▶

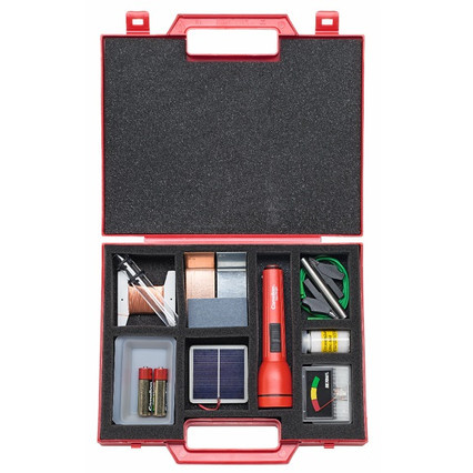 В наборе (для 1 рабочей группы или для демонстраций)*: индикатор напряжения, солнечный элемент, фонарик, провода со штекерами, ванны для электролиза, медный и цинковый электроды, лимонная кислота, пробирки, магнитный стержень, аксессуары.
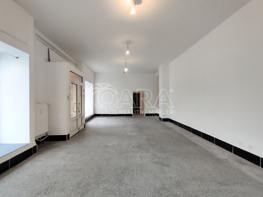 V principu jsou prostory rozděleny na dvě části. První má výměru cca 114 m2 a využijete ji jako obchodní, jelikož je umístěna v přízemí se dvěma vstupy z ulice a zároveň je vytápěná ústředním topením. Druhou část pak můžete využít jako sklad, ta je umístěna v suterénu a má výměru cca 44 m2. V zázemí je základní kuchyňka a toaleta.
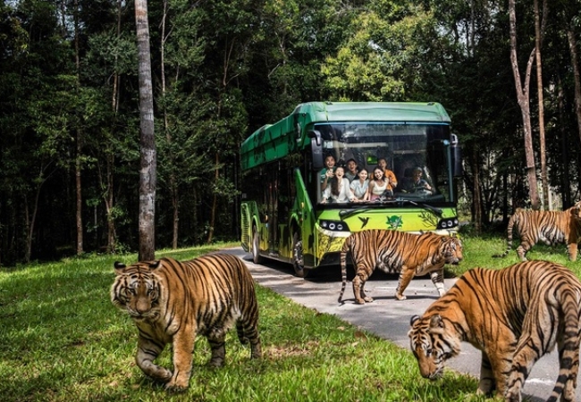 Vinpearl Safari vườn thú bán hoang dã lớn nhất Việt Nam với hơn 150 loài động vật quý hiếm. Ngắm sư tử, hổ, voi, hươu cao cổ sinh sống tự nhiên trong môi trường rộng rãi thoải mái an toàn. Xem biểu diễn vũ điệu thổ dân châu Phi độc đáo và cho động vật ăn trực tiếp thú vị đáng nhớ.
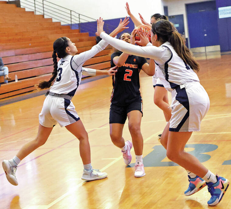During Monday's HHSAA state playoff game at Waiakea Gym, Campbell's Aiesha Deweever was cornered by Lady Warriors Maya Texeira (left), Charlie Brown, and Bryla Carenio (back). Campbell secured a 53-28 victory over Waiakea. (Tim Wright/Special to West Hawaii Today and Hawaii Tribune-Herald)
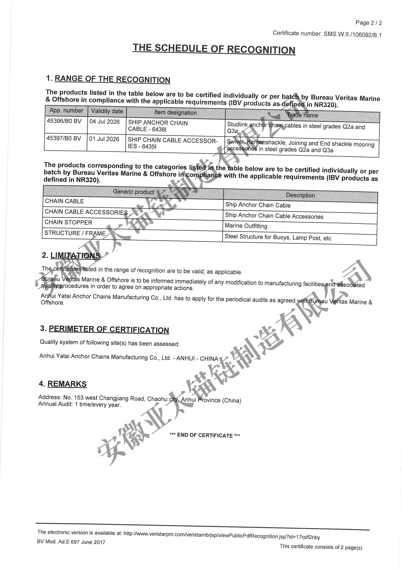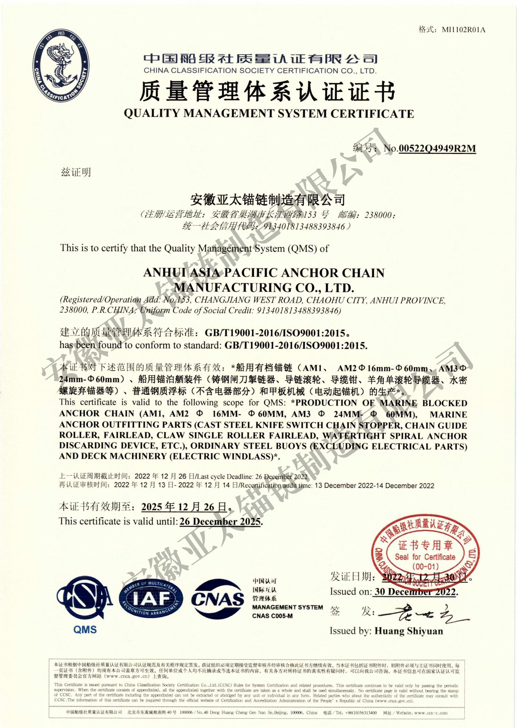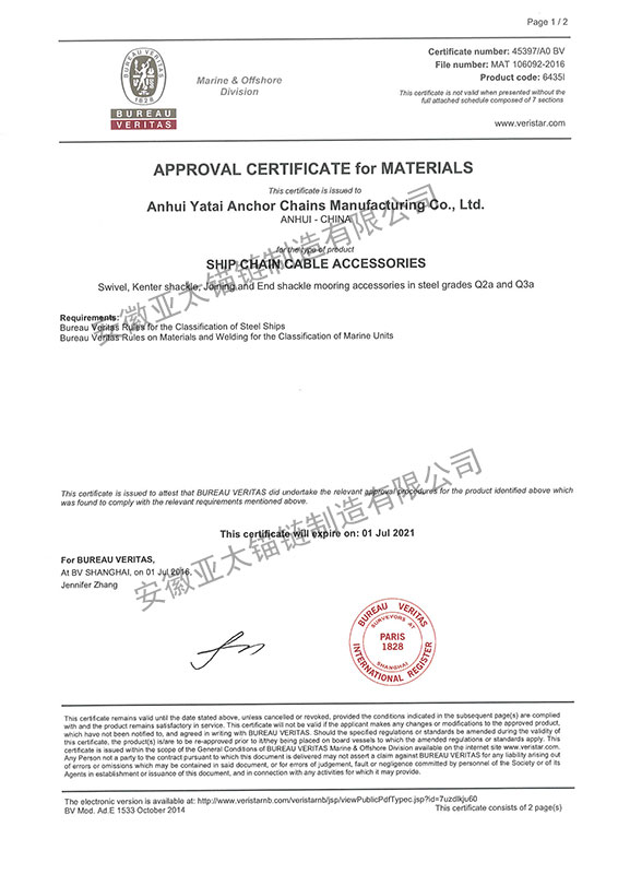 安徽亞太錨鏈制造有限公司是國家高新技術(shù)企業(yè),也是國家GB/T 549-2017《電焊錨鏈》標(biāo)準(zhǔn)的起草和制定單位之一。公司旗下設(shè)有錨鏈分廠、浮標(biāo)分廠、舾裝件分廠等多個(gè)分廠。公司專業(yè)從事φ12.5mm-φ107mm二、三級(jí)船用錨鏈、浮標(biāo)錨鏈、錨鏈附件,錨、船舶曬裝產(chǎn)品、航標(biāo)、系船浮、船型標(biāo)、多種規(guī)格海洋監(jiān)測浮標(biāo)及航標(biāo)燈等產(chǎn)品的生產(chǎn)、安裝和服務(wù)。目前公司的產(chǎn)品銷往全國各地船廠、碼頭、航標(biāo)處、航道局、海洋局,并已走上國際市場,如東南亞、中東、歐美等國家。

◀

Copy word for word each line of the data above, from the first through the one containing "Vinpearl Safari vườn", and include no pictures.

Completed exercise →
 В наборе (для 1 рабочей группы или для демонстраций)*: индикатор напряжения, солнечный элемент, фонарик, провода со штекерами, ванны для электролиза, медный и цинковый электроды, лимонная кислота, пробирки, магнитный стержень, аксессуары.
 V principu jsou prostory rozděleny na dvě části. První má výměru cca 114 m2 a využijete ji jako obchodní, jelikož je umístěna v přízemí se dvěma vstupy z ulice a zároveň je vytápěná ústředním topením. Druhou část pak můžete využít jako sklad, ta je umístěna v suterénu a má výměru cca 44 m2. V zázemí je základní kuchyňka a toaleta.
 Vinpearl Safari vườn thú bán hoang dã lớn nhất Việt Nam với hơn 150 loài động vật quý hiếm. Ngắm sư tử, hổ, voi, hươu cao cổ sinh sống tự nhiên trong môi trường rộng rãi thoải mái an toàn. Xem biểu diễn vũ điệu thổ dân châu Phi độc đáo và cho động vật ăn trực tiếp thú vị đáng nhớ.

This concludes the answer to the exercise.